Aarau Rohr

Musikgesellschaft Rohr mutierte zur Fluggesellschaft und hob ab

Die Musikanten feierten den 120. Geburtstag auf einer unterhaltsamen Flugreise. sih

Die Musikanten feierten den 120. Geburtstag auf einer unterhaltsamen Flugreise. sih

Das Programm kam wie ein Boarding-Pass daher und vor dem Abflug hatte die MG Rohr anlässlich ihres 120. Geburtstages einen Apéro offeriert. Das Konzert der Musikgesellschaft Aarau Rohr wurde zur unterhaltsamen Flugreise.

«Wegen einer Schlechtwetterfront verspätet sich unser Abflug um zirka zehn Minuten», ertönte die Stimme aus dem Off. Die Passagiere, an welche diese Durchsage am Samstagabend gerichtet war, sassen zwar in der Auenhalle in Rohr, fühlten sich aber tatsächlich fast wie auf einem Mittelstreckenflug. Am Eingang waren sie von Flight Attendants in schmucken Uniformen empfangen worden.

Mitten durch die «Flugpassagiere» hindurch marschierten die Musikanten auf, stellten sich vor die Bühne und begrüssten ihr Publikum mit dem Marsch «Flying Eagle». Danach formierten sie sich auf der Bühne zur Konzertaufstellung. Grossen Applaus gab es beim Auftritt des Dirigenten Fritz Schaub, der sich stilecht in eine Pilotenuniform gekleidet hatte.

Musik aus höheren Sphären

Danach ertönte lauter Fluglärm, am Bühnenbild, einem Flugzeug der Fluggesellschaft Rohr, blinkten die Lichter, die Reise konnte beginnen. Bei der Auswahl der Musikstücke hatte man sich ganz vom Thema des Abends leiten lassen.

«Fly me to the Moon», bekannt vor allem in einer Interpretation von Frank Sinatra, machte den Anfang. «Mission Impossible» war keine unmögliche Aufgabe für das Musikkorps und natürlich durften «Über den Wolken» von Reinhard May und «Heaven» von Gotthard nicht fehlen. Mit «99 Luftballons» ging es in die Pause.

Durch das Programm führten die beiden Ehrendamen Judith Wildi und Myriam Orler, die heuer als Flugbegleiterinnen fungierten und nicht nur die Musikstücke vorstellten, sondern das Publikum auch mit Sicherheitstipps unterhielten.

Die MG Rohr war regelrecht überrannt worden. Wer nicht reserviert hatte, musste sich früh einfinden, um noch einen Platz zu ergattern. «Wir werden nächstes Mal einen grösseren Flieger bestellen», versprach Präsident Lothar Stoltenberg. Auch die Küche kam an ihre Grenzen. So war die anfangs erwähnte Abflugsverspätung in Wahrheit nicht auf eine Schlechtwetterfront zurückzuführen, sondern auf Verzögerungen bei der Essensausgabe.
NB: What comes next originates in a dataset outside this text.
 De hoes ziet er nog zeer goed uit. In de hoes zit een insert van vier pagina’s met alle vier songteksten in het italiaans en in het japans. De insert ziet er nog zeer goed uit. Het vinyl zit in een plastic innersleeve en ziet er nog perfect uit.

Und in der Pause reichten die Lose nicht bis zu den hinteren Plätzen.

Männer in fliegenden Kisten

Doch das Publikum konnte den Unterhaltungsabend trotzdem geniessen, denn die aufgestellten Musikvorträge liessen allenfalls knurrende Mägen rasch vergessen. Und im zweiten Teil des Konzertes, den die Musikanten in Hawaiihemden spielten, tauten die Konzertbesucher auf. Nach «Fascinating Swiss Wind-Music» von Pepe Lienhard und «I Believe I Can Fly» von R. Kelly folgten die Lieblingsstücke des Publikums: Für «Those Magnificent Men in their Flying Machines» gab es Bravo-Rufe und von «Great Balls of Fire», bekannt aus dem Film «Top Gun» wurde gar eine Zugabe verlangt.
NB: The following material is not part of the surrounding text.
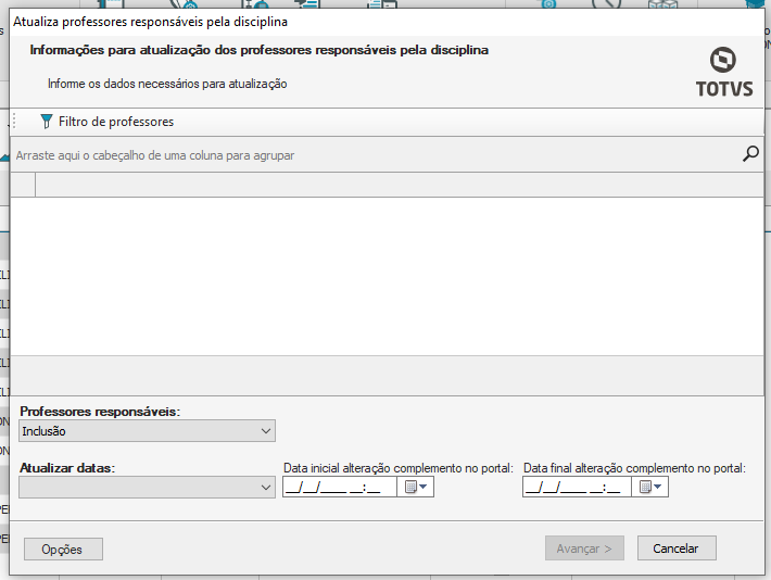 Ainda na opção Processos, existe a possibilidade de atualizar os professores das disciplinas, de maneira geral. Para isso , selecione a opção “Processos- Atualiza professores responsáveis pela disciplina”

Grossen Beifall erhielten David Kapaurer, Lothar Stoltenberg und vor allem Fredi Hächler, die für 35 beziehungsweise sogar 50 Jahre Mitgliedschaft geehrt wurden. Nach «Time to Say Goodbye», zwei Zugaben und einer sanften Landung entstieg die Crew der Fluggesellschaft Rohr unter grossem Applaus dem Flugzeug.